Достойный человек прекрасно за нами ухаживал и хотел увести нас к себе, но органист не мог пропустить торжественную воскресную мессу, и на следующий день мы вернулись в Клермон.

Голова учителя была еще слаба или в ней не все было ясно, когда он снова очутился перед органом, более безобидным, чем орган Санадуара. Раза два-три ему изменила память и пришлось импровизировать, что, по его собственному признанию, получалось у него очень посредственно, хотя он хвастался, что на свежую голову он создает шедевры.

В момент "Возношения даров" он почувствовал приступ слабости и сделал мне знак, чтобы я занял его место. До сих пор я играл только в его присутствии и понятия не имел, чего я могу достигнуть в музыке. Мэтр Жан никогда не кончал со мной урока, не заявив торжественно, что я осел. Одно мгновение я был почти так же взволнован, как перед органом титана. Но детству свойственны приступы внезапной самоуверенности; я набрался храбрости и сыграл мотив, поразивший учителя в момент катастрофы, - он с тех пор не выходил у меня из головы.

Это был успех, который, как вы увидите, решил мою судьбу.

По окончании мессы старший викарий - меломан, большой знаток церковной музыки, вызвал мэтра Жана.

- У вас есть талант, - сказал он ему, - но надо уметь разбираться. Я вас уже порицал за то, что вы, импровизируя или сочиняя мелодии, не лишенные достоинства, пользуетесь ими некстати. Они нежны или игривы, когда должны быть строгими; они угрожающие и как бы гневные, когда должны быть умиренными и умоляющими. Вот сегодня при "Возношении" вы преподнесли нам настоящую боевую песню.
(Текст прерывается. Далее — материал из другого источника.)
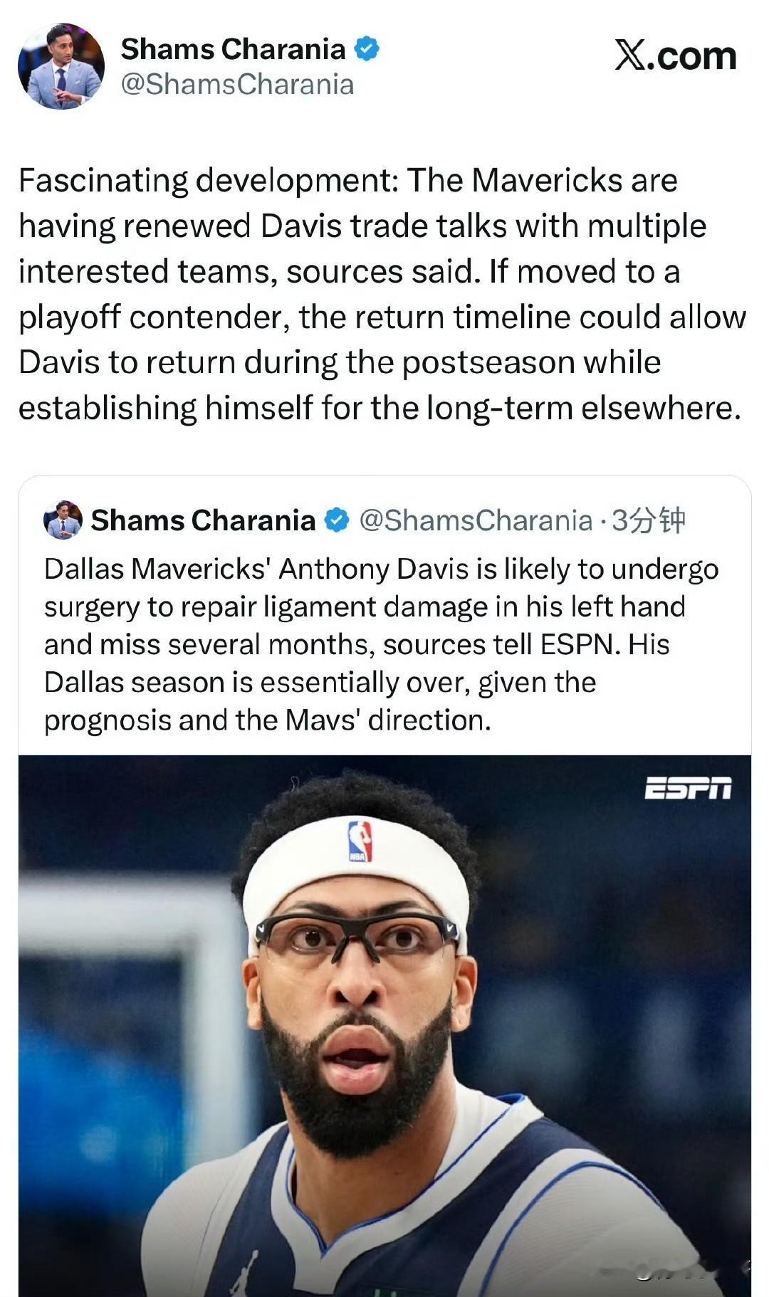 浓眉在独行侠的生涯结束!!!浓眉大概率接受左手韧带损伤修复手术,缺阵数月! 根据记者Shams最新消息透露,独行侠全明星内线安东尼-戴维斯大概率将接受左手韧带损伤修复手术,预计缺阵长达数月。 其实选择手术也挺好,这样也可以让浓眉的球迷彻底清醒,彻底放弃对他本赛季的期望,毕竟这也是他的基本常态了。 如果他最终选择了手术,那么他还是有希望在季后赛的时间段回归的,但是前提是他的球队可以进入季后赛,所以浓眉可以和独行侠说再见了,他在达拉斯的生涯结束了,尽管他还没有为这里的球迷打过几场比赛,但是独行侠的未来规划里已经没有他的位置。 因此,浓眉的事件有了新的进展,独行侠重新将浓眉摆上货架,他们已经开始和各支球队重启交易谈判,争取在交易截止日前送走他,这样他还有机会重返季后赛。 希望浓眉早日康复,不过无论如何不要对这个浓眉抱有太大期待了。 戴维斯 浓眉哥 浓眉

Не отрицаю, это было прекрасно, но больше подходило для шабаша, чем для "Поклоняемся тебе, господи!".

Я стоял все время позади мэтра Жана, пока старший викарий разговаривал с ним; сердце мое сильно билось.

Органист, разумеется, извинился, говоря, что он почувствовал себя плохо и что во время "Возношения" за органом сидел мальчик из хора, его ученик.

- Не вы ли это, мой дружочек? - спросил викарий, заметив мой взволнованный вид.

- Да, это он, - ответил мэтр Жан, - вот этот маленький осел.

- Этот маленький осел прекрасно играл, - заметил, смеясь, старший викарий. - Но не можешь ли ты мне сказать, дитя мое, что это за мотив, который меня поразил? Я сразу же почувствовал, что это нечто замечательное, но я бы не мог сказать, откуда это.

- Это звучит только в моей голове, - уверенно ответил я. - Мне это пришло в голову… в горах.

- Приходили тебе в голову и другие мотивы?

- Нет, это случилось со мной в первый раз.

- Однако…

- Не обращайте на него внимания, - перебил органист, - он сам не знает, что говорит. Эта мелодия, конечно, пришла ему на память.

- Возможно, но чья она?

- Моя, по всей вероятности. Когда сочиняешь, разбрасываешь столько идей, первый встречный и подхватывает обрывки.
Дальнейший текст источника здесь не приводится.